Un des derniers sauvages


La photo n'est pas belle, la plante n'a rien de spectaculaire et pourtant, sa découverte dans un sous-bois de la grande région de Montréal a exaucé un de mes souhaits les plus improbables: trouver un plant sauvage de Ginseng d'Amérique (Panax quinquefolius).
Il faut préciser que la plante est rare. Si rare qu'au Canada, sa récolte est interdite et que sa possession doit être justifiée par une preuve de son origine commerciale, sous-entendue cultivée.
Pour donner un ordre d'idée, on estimait qu'en 2000, il ne restait que 54 populations viables de ginseng au Québec et 9 en Ontario, les seules provinces faisant partie de son aire de distribution. Heureusement, ces dernières ne représentent qu'environ 1 % de la population mondiale, le reste se trouvant dans l'est des États-Unis. Malheureusement, chez nos voisins du sud, sa récolte est réglementée, mais autorisée. Quand on sait que 94 % des prélèvements sont faits en dehors des saisons ou des zones autorisées, on comprend pourquoi le statut de l'espèce n'est pas meilleur qu'ici. 

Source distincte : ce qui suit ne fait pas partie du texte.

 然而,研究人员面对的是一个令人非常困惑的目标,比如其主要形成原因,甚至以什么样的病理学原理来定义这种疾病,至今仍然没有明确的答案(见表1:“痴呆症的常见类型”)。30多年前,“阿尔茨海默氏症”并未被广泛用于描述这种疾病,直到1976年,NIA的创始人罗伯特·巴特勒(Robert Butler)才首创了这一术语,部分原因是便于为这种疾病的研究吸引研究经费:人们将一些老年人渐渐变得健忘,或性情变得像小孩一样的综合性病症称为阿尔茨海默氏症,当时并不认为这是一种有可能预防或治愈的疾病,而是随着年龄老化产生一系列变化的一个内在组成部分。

Il y a plusieurs causes à la disparition du Ginseng d'Amérique. Celle que l'on aime bien mettre de l'avant est le broutage par les cerfs. C'est pourtant la moins importante et on est bien obligé d'en venir aux deux autres: la fragmentation de l'habitat et la récolte intensive. Voici quelques chiffres évocateurs du désastre: en 1752, l'Amérique exportait 15685 kg de racines de ginseng, 290000 kg (65 millions de plants) en 1841 et 125 millions de plants en 2000 (seulement pour les États-Unis). 

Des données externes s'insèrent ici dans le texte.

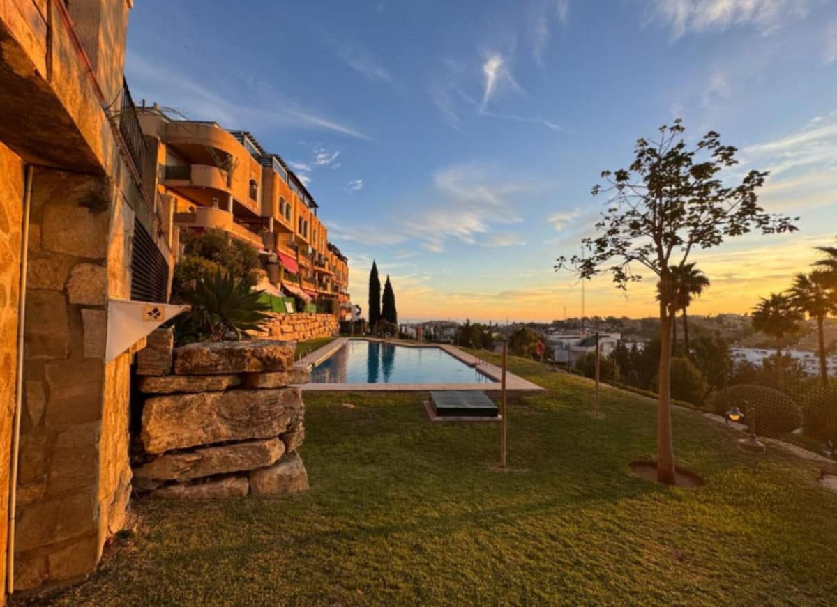 The gated complex offers well-maintained gardens, 2 swimming pools, and a padel court. The area is peaceful, close to Miraflores Golf and all essential services. Málaga Airport is only 35 km away.

Le ginseng doit sa popularité aux vertus médicinales de sa racine, particulièrement appréciées en Chine. Là-bas, on utilise depuis longtemps le Panax ginseng, une espèce locale qui est cultivée depuis qu'elle a quasiment disparu à l'état sauvage dans les années 1400. Lorsqu'en 1716, le jésuite Joseph-François Lafiteau publie son mémoire sur le ginseng américain dont il a appris les vertus des Mohawks, les commerçants occidentaux flairent rapidement les profits à tirer de ce produit déjà devenu rare et coûteux en Extrême-Orient. Aujourd'hui, bien que l'on sache très bien cultiver le ginseng, la valeur symbolique et économique que l'on attribue à la plante sauvage fait en sorte que l'espèce continue à disparaître. 

Sources:
The world ginseng market and the ginseng (Korea). Journal of Ginseng Research. 37(1), 1-7. 2013
An Overview of American Ginseng through the Lens of Healing, Conservation and Trade. Margaret Wulfsberg. Lawrence University Honors Projects. 147.